I’m speaking at the Attingham 2016 Conference, organised by the University of Nottingham. It clashes with the recently announced referendum, so its a postal ballot for me!
Anyway, I thought I might share my abstract:
Is there a place in heritage spaces for the gamification of adult learning?
Today’s fifty year olds were at school in 1980’s, when the ZX80, then the ZX81, the Spectrum, the BBC micro, and host of other cheap and accessible computing devices popularised digital gaming. How do the expectations of this first “Gamer Generation” differ from the adult learners that cultural heritage sites have welcomed in the past?
Gamification (Hamari et al., 2014, Kapp, 2012, Marczewski), the application of game mechanics in non-game contexts, has been a feature of learning since before the word was coined in 2002. Non-digital games have been used in the classroom and in less formal environments, for many years, to encourage people to learn about their world. Generally though, such games have been aimed at non-adult audiences. The term gamification has come to prominence in recent years mostly in reference to digital games, and an adult audience.
Heritage organisations have been using digital game technology to interpret cultural heritage since at least 1996, but it’s only since the creation of mobile digital devices that museums and other heritage sites have tried to harness game technology on-site to help interpret their stories (Fosh et al., 2015, Ioannidis et al., 2014, Roussou et al., 2013, Salomonsson, 2015, Treharne et al., 2013).
Digital games, especially immersive story-games, and cultural heritage sites share a multimodality (Champion, 2015, Roppola, 2013) that suggests games may work very well for adult learning in heritage spaces. However, heritage sites that have invested in projects involving gamification have often been disappointed in the numbers of visitors participating in such efforts.
This paper will chart the brief history of digital games in heritage learning, and share research into gamers’ attitudes to play in cultural heritage spaces. Exploring the opportunities and challenges that game mechanics offer heritage spaces, I will argue that some elements could be used to make cultural heritage sites more responsive environments, without turning adult learning into a game.
So, that’s the abstract, I better get on with the paper. I might need to find some more up-to-date texts as well, as some of these come from when I first started my studies. If anybody has published anything recently that touches on the above, give me a shout.
Hmm, given I’ve left citations in the text above I better do the decent thing and include the references:
CHAMPION, E. 2015. Critical Gaming: Interactive History and Virtual Heritage, Ashgate Publishing, Ltd.
FOSH, L., LORENZ, K., BENFORD, S. & KOLEVA, B. 2015. Personal and social? Designing personalised experiences for groups in museums. 19th Annual Museums and the Web Conference (MW2015). Chicago, IL.

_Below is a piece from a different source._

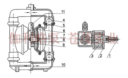 【QBY型工程塑料氣動(dòng)隔膜泵】結(jié)構(gòu)圖:

HAMARI, J., KOIVISTO, J. & SARSA, H. Does Gamification Work? — A Literature Review of Empirical Studies on Gamification. System Sciences (HICSS), 2014 47th Hawaii International Conference on, 6-9 Jan. 2014 2014. 3025-3034.
IOANNIDIS, Y., BALET, O. & PANDERMALIS, D. 2014. Tell me a story: augmented reality technology in museums. The Guardian, April 4.
KAPP, K. M. 2012. The gamification of learning and instruction: game-based methods and strategies for training and education, John Wiley & Sons.
MARCZEWSKI, A. Gamification: A Simple Introduction and a Bit More, (self-published on Amazon Digital Services, 2013). Kindle edition, Loc, 1405.
ROPPOLA, T. 2013. Designing for the museum visitor experience, Routledge.
ROUSSOU, M., VAUANOU, M., KATIFORI, A., RENNICK-EGGLESTONE, S. & PUJOL, L. 2013. A Life of Their Own: Museum Visitor Personas Penetrating the Design Lifecycle of a Mobile Experience. CHI 2013 Extended Abstracts. Paris: ACM.
SALOMONSSON, L. 2015. Leveling-Up With Cultural Heritage: Aspects from Gamification and Alternate Reality Games.
TREHARNE, H. E., TROMANS, N., SCARLES, C., SCOTT, M., CASEY, M. C. & CULNANE, C. 2013. Transforming the Visitor Experience with Augmented Reality.
Very worthwhile pursuit: ” I will argue that some elements could be used to make cultural heritage sites more responsive environments, without turning adult learning into a game.” One other suggestion, that not only are they more responsive but they also help the visitor to reflect more (during or after the experience).
Oh yes, I’m all about reflection. A responsive environment will create opportunities for reflection during the experience and, I hope, plenty to reflect upon afterwards.